The 6 main signs of emotional dependence
It is important to know what the signs of romantic addiction are in order to know what stage you are at. If you recognize yourself in just one of these signs, this conference is for you.
1 – You regularly need to hear from him
One of the main signs of addiction is the constant need to be in contact with another. Whether on social networks, text messages or through regular calls, you need to feel reassured even if it is only virtual.
2 – You do not do any project alone
Whether it’s for an outing or planning the next vacation, you always include your partner and do nothing without him/her. It may look like love, but when you totally forget to treat yourself and think about yourself, it becomes more negative.
3 – He/she misses you in a very short time
Your darling leaves in the morning and you feel a lack a few hours later? He/she can’t spend an afternoon with his family without you not feeling well? Do you feel bad when your significant other spends time with their friends? At this point, we can really talk about sentimental addiction.
4 – The fear that he/she will leave is always present
One of the signs that comes up most often is the constant fear of seeing him/her leave because you don’t feel up to it or that you feel in constant competition. To undergo a new rupture or a new emotional abandonment frightens you and consequently you try to avoid it. But by thinking like this you create even more problems.
5 – You think about your negative past
Not only are you afraid to see him/her leave, but you also have memories of your childhood, of previous relationships, of a lack that you experienced that resurface and that necessarily affect your romantic relationship. It is this negative projection that blocks you and influences the present.
6 – In love you never say no!
For fear of conflict or fear of losing this relationship, you do not set limits. You don’t want to or can’t say “no” and impose yourself. It is a sign of addiction.
You now know the main signs, but you also need to take a closer look at emotional dependence and its causes.
The single person’s emotional dependence
We often associate emotional dependence with life as a couple because it is the most widespread. However, many people consider themselves emotionally dependent even though they are single. In this situation, it is the constantly repeating patterns that are linked to lack of self-confidence.
You do not necessarily focus on a single person but rather on the idea of life as a couple. Moreover, when you are looking for love you tend to want a relationship that is too perfect, too formatted to actually find it. Consequently you remain in a negative spiral because in your eyes each encounter is the most beautiful.

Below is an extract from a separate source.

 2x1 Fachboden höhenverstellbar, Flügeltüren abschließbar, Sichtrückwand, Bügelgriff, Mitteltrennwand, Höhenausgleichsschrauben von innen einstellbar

You give everything, right away, and don’t take the time to start the relationship gradually. This again and again leads to false starts. And the worst part is that it’s a vicious circle because the more the stress of staying single intensifies, the more dependent you become. You must absolutely abandon this pattern by going against nature otherwise in 10 years you will still be at the same stage…

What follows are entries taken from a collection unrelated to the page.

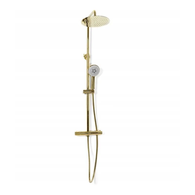 Odkryj najwyższy poziom komfortu dzięki Ekskluzywnemu Złotemu Zestawowi Natryskowemu Vincent z Termostatem. Ten luksusowy zestaw prysznicowy to nie tylko praktyczne rozwiązanie dla Twojej łazienki, ale także elegancki dodatek, który podniesie klasę każdego wnętrza. Starannie zaprojektowany, aby sprostać oczekiwaniom najbardziej wymagających klientów, zestaw Vincent łączy w sobie nowoczesny design i niezawodność.
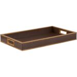 This chic tray features a brown faux crocodile finish accented with gold edging, blending bold texture with refined elegance for a sophisticated statement piece. Designed by Shayla Copas.
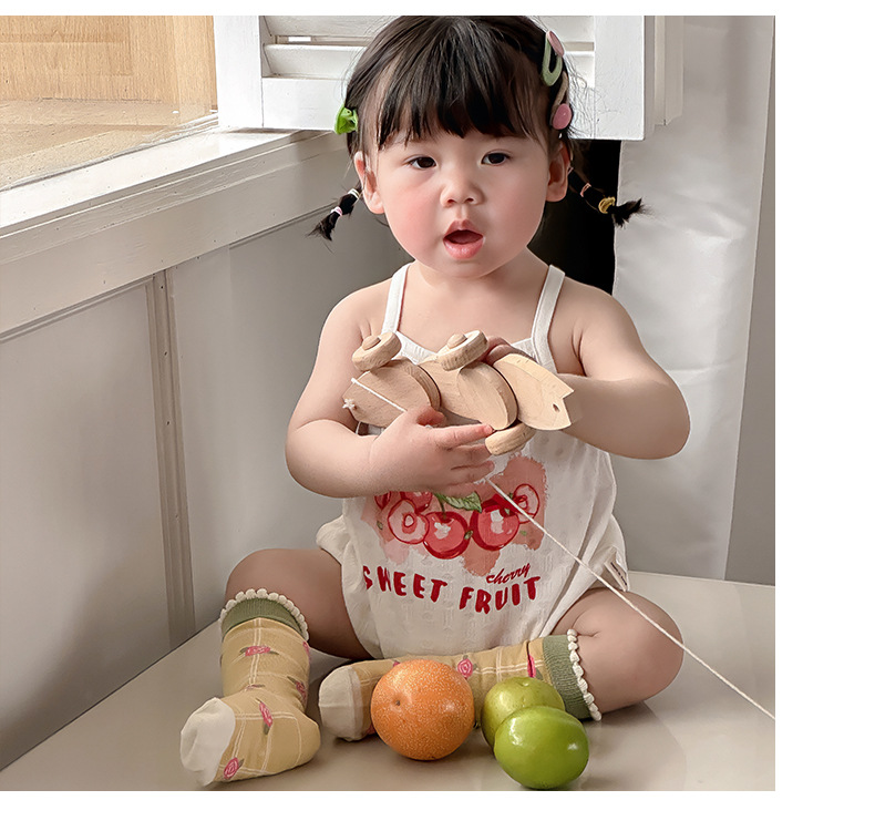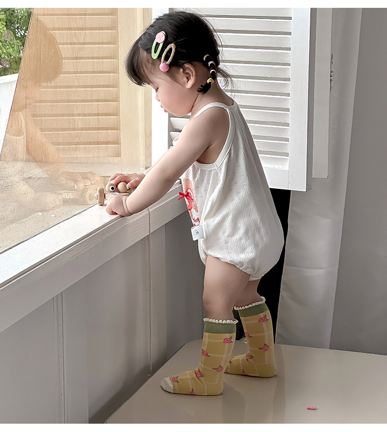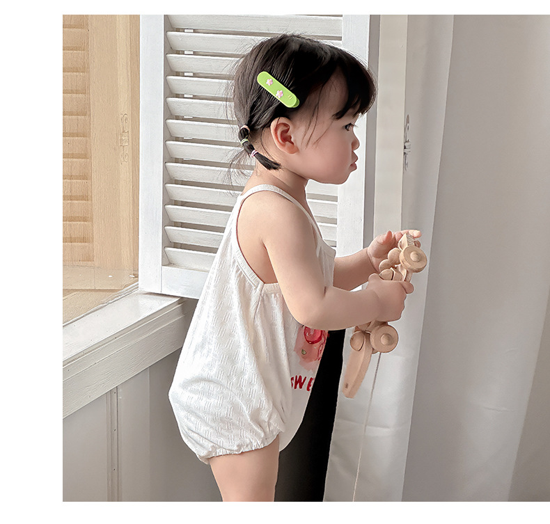 2024년 여름 여아 아기 일본풍 만화 얇고 통기성 좋은 캐주얼 레터 프린트 멜빵 바디수트 해외 직수입스토어 가기

How to overcome emotional dependence?
When talking about emotional dependence, it is necessary to work on personal reconstruction. You are in a delicate situation where you place your partner on a pedestal and very often you organize your life according to him or her. To no longer be emotionally dependent or emotionally dependent, Alexandre mainly recommends that you position yourself on an axis of personal development so that you are able to become an improved version of yourself! If you manage to balance your different lives (personal, sentimental, friendly, family and professional) then you will obtain greater satisfaction in your love life.